Before I met you, I thought that life was nothing but a series of endless disappointments. Life seemed like a labyrinth of woes that I couldn’t get out of. It seemed hard and it seemed scary.
Before I met you, I had spent numerous sleepless nights thinking about the one who broke my heart. Thinking about how people could be so cruel and unworthy. It did not take him more than a second to tell me that he didn’t want me in his life anymore.
Before I met you, I cursed this life and spent all my nights wondering how life could have been if we could still be together. But nothing had changed except for the fact that I was left alone.
But the day I met you, everything had changed. I could see life in a whole new perspective. The day we looked into each other’s eyes for the first time, I had known in my heart that we could BE something. I knew in my heart that there HAD to be a reason for why I had met you.
I believed that there HAD to be a reason for why we had crossed each other’s paths, that we didn’t just happen to meet, but that we were brought together.
As the days went by, you showed me that life is NOT just about sorrows and heartaches.

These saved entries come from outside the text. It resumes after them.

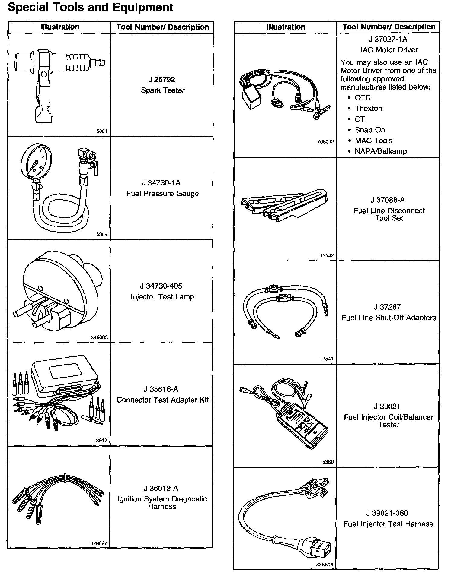Special Tools And Equipment Part 1: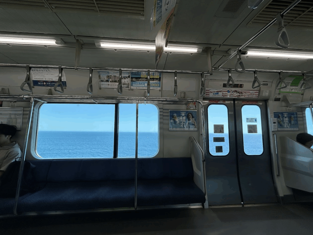 会計を済ませ、改めて時計を見る。ここから東海道線に乗り換え、沼津へ向かう。乗り場の階段を降り、ホームに立つと、列車特有の金属音が遠くから小刻みに近づいてくる。入線の風は柔らかく、肌にまとわりつくほどの強さはない。扉が開き、ドア上の案内表示を横目に座席へ。出発の合図とともに、車輪がレールを掴む音が一定のリズムを刻み始める。そのテンポに身を委ね、外の景色の動きをただ追いかける。乗り継ぎの不安も混雑のストレスも、このシンプルな揺れの中では、少しずつほどけていく。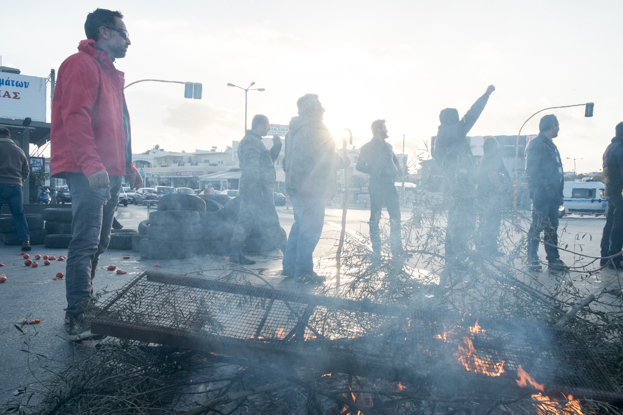 Οι αγρότες έκλεισαν το δρόμο στη γέφυρα του Κλαδισσού με λάστιχα, ξύλα και τα αμάξια τους, ανάρτησαν πανό και όσο βράδιαζε η παρουσία του κόσμου γινόταν πιο έντονα.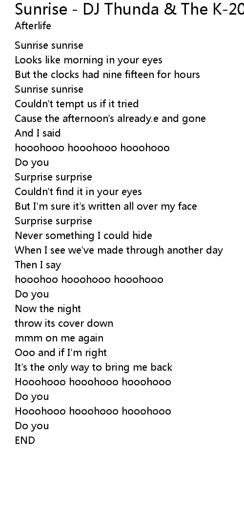 Sunrise - DJ Thunda & The K-20 Allstars Remix Lyrics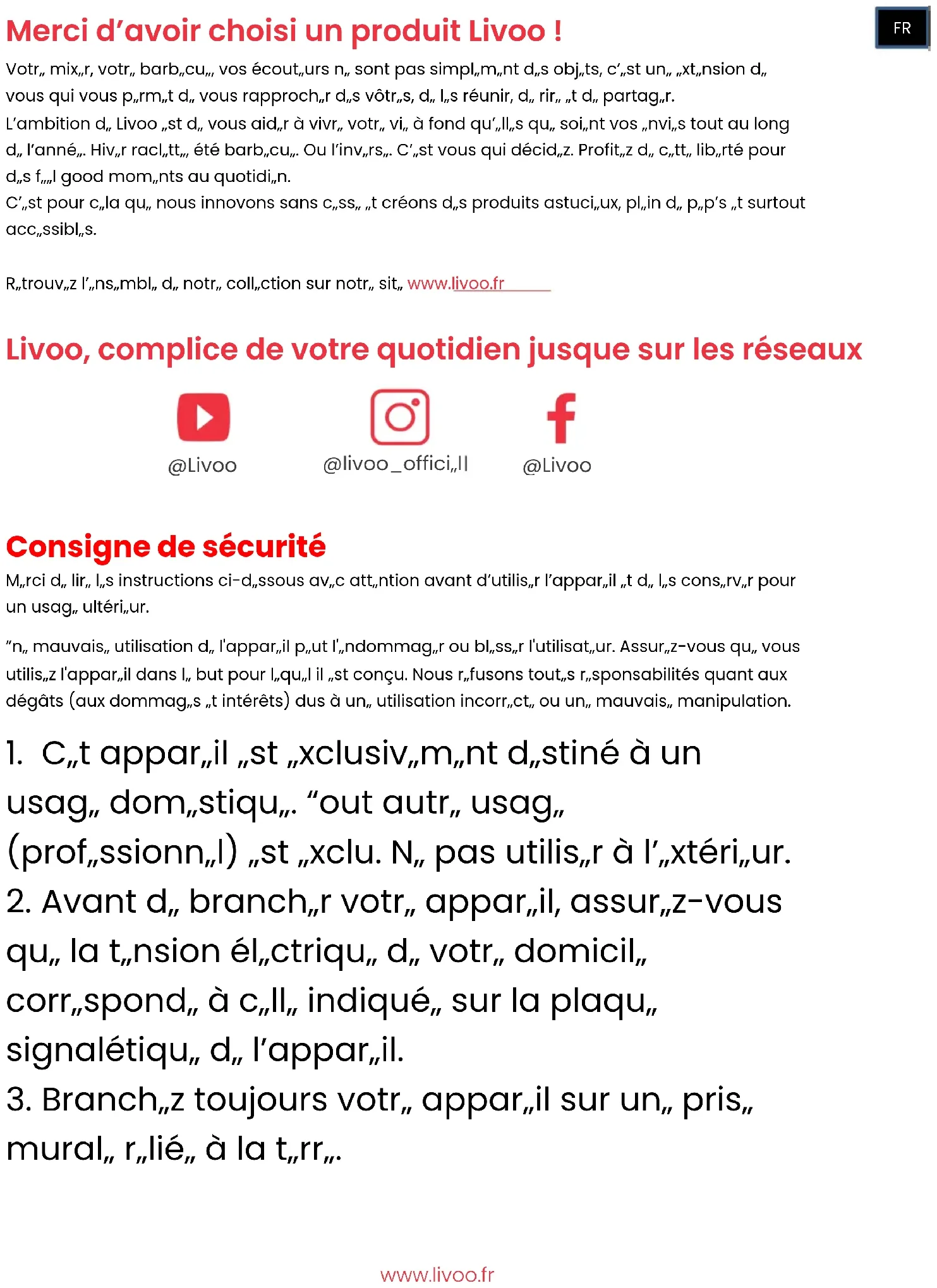 Figure 1www.livoo.fr Merci d’avoir choisi un produit Livoo ! Votre mixer, votre barbecue, vos écouteurs ne sont pas simplement des objets, c’est une extension de vous qui vous permet de vous rapprocher des vôtres, de les réunir, de rire et de partager. L’ambition de Livoo est de vous aider à vivre votre vie à fond qu’elles que soient vos envies tout au long de l’année. Hiver raclette, été barbecue. Ou l’inverse. C’est vous qui décidez. Profitez de cette liberté pour des feel good moments au quotidien. C’est pour cela que nous innovons sans cesse et créons des produits astucieux, plein de pep’s et surtout accessibles. Retrouvez l’ensemble de notre collection sur notre site www.livoo.fr Livoo, complice de votre quotidien jusque sur les réseaux

You showed me that there can be more to life when we are with the right person.
You taught me how to love again and you gave me everything that I had always deserved.

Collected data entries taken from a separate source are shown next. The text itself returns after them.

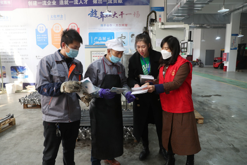 12月3日,在广安市广安区官盛新区爱众智慧产业园汽车配件加工车间,车间工人刘洋正在熟练调试机械设备。谁能想到,他是一名耳朵失聪的残疾人。与他同一个车间的李军告诉笔者,刘洋能够在企业上班,每个月有4000至5000元收入,源于今年2月广安区人社局、经信局、就业局、总工会等单位举办的浔广产业园暨爱众智慧产业园现场招聘会,在招聘会上,李军和刘洋等一共有6人同时被招进汽车配件厂务工。“不仅如此,他们还经常来看望我们,今天总工会、就业局还组织律师向我们开展劳动维权和法制宣传,向我们发放劳保用品,让我们感到很温暖。”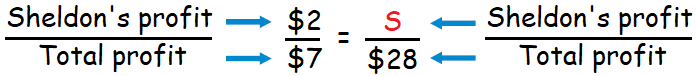 Therefore, if they make a total profit of $28, then Sheldon makes a profit of $8.
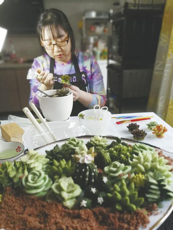 生活报3月19日讯 在别的蛋糕师眼中,做植物蛋糕也就需要一两种绿色,而在哈市的裱花师田璐眼里,绿色可以调出十几种,她做的“多肉”蛋糕,几乎可以以假乱真。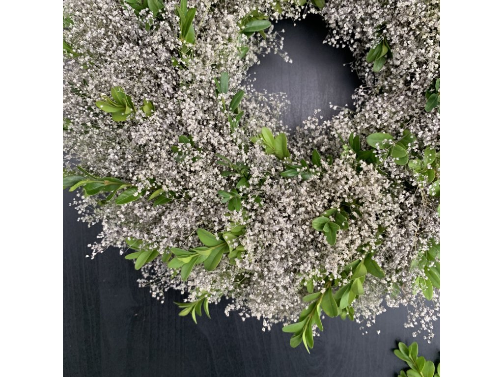 Bohatý věnec ze šateru a buxusu, ručně namotaný na slaměném základu. Svým osobitým kouzlem dotvoří nezaměnitelnou atmosféru Tvého domova. Je jen na Tobě, jestli ho necháš v tomto minimalistickém stavu, nebo ho ozdobíš doplňky podle svého vkusu. Vnější průměr věnce je cirka 40 cm.

From the moment that we shared our first “I love you”s together, we knew that we were always meant to be. Nothing had ever felt so right before as much as it did when you and I were together. You never told me that you cared about me but you had always SHOWED me that you did.
How did I get so lucky to have you as mine?
Now that we are still together, life doesn’t seem so bad anymore. Now that you’ve given me all this love and support and that you’ve stood by me all this time, I’d like you to know that you are the one who truly mended my broken heart and that you are the one I truly need in my life. No matter WHAT future holds for us, I’d like you to
know that I want you and that I need you.
And that I still fall for you, deeper and deeper, every single day.